= ABOUT THIS TASK =
Word for word, retype the lines from the one containing "独自のファミリーカウンター。" to the one containing "从2024-25年度开始, 面向中国、越南和印度的462打工度假签申请流程将面临全新的改革 。" below, keeping both end lines and dropping the pictures.

= AVAILABLE RECORDS =

_ _ _ _ _ _ _

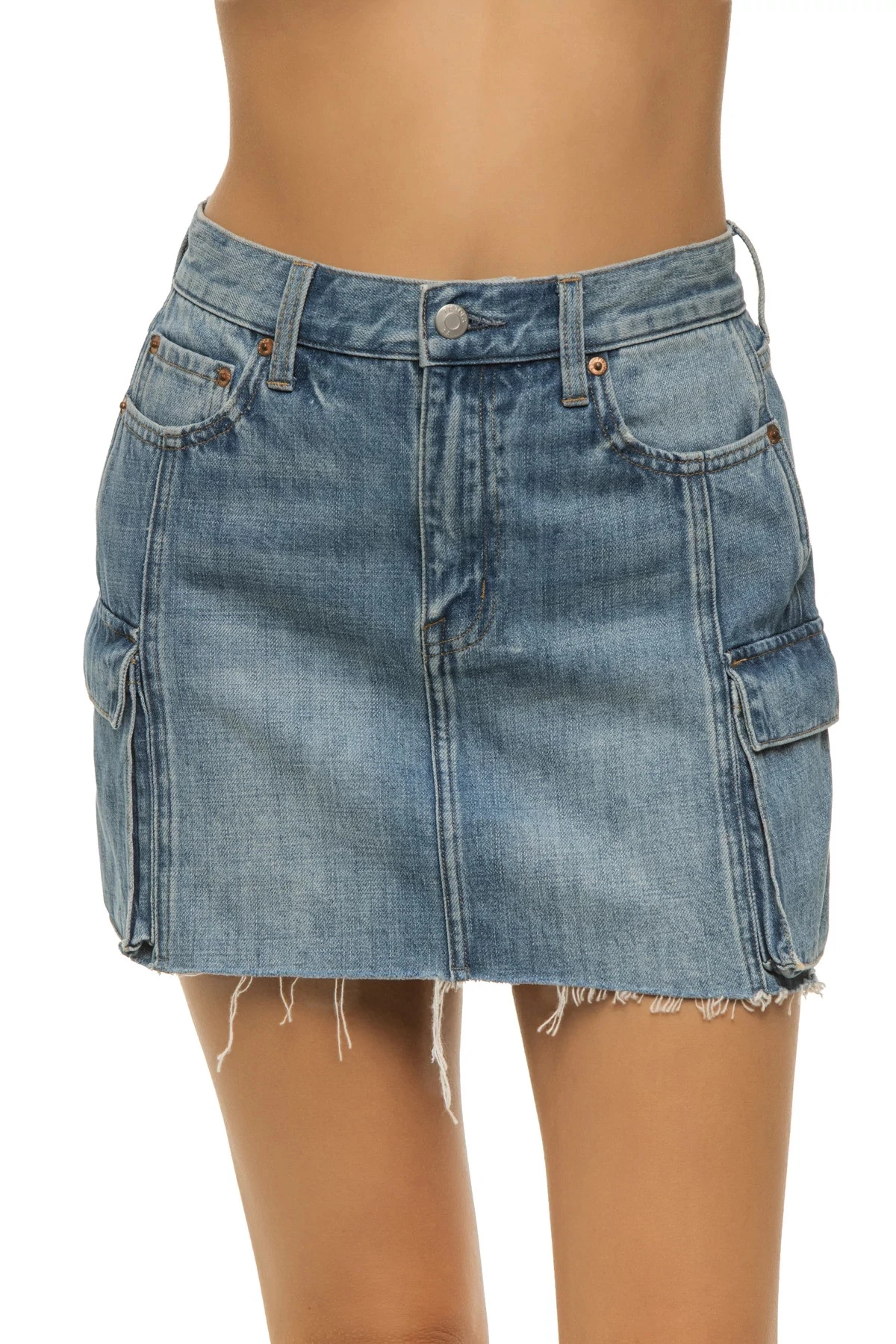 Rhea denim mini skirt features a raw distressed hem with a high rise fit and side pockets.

_ _ _ _ _ _ _

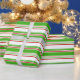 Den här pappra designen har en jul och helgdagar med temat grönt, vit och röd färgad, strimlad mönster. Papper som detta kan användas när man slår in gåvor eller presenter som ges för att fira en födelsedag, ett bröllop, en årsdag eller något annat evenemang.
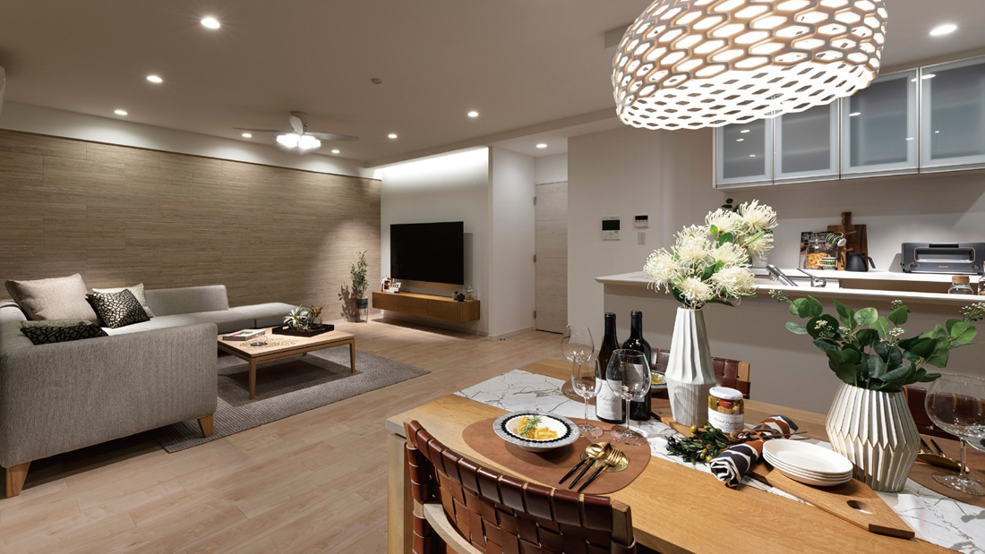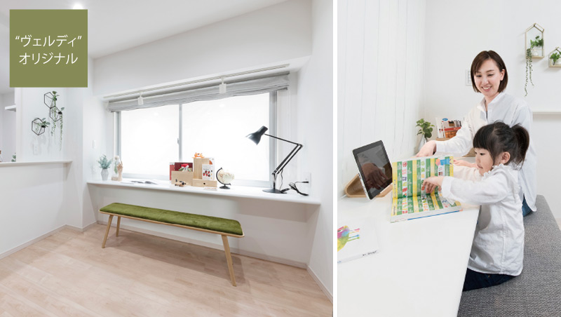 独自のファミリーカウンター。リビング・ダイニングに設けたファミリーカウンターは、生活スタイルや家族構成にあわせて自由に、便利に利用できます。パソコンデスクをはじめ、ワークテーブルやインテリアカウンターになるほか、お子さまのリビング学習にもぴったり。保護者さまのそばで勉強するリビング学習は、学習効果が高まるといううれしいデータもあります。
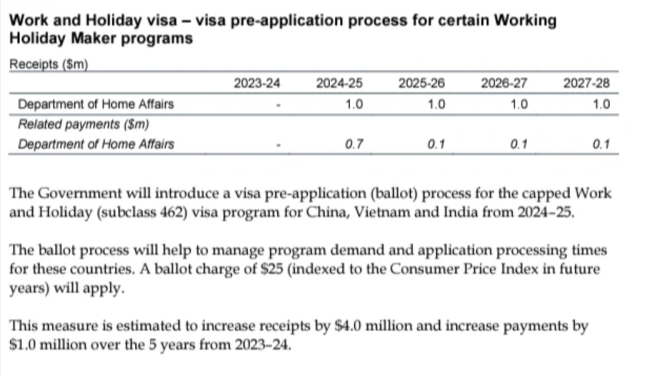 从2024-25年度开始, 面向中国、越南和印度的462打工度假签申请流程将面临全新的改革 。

_ _ _ _ _ _ _

= YOUR SOLUTION =
 独自のファミリーカウンター。リビング・ダイニングに設けたファミリーカウンターは、生活スタイルや家族構成にあわせて自由に、便利に利用できます。パソコンデスクをはじめ、ワークテーブルやインテリアカウンターになるほか、お子さまのリビング学習にもぴったり。保護者さまのそばで勉強するリビング学習は、学習効果が高まるといううれしいデータもあります。
 从2024-25年度开始, 面向中国、越南和印度的462打工度假签申请流程将面临全新的改革 。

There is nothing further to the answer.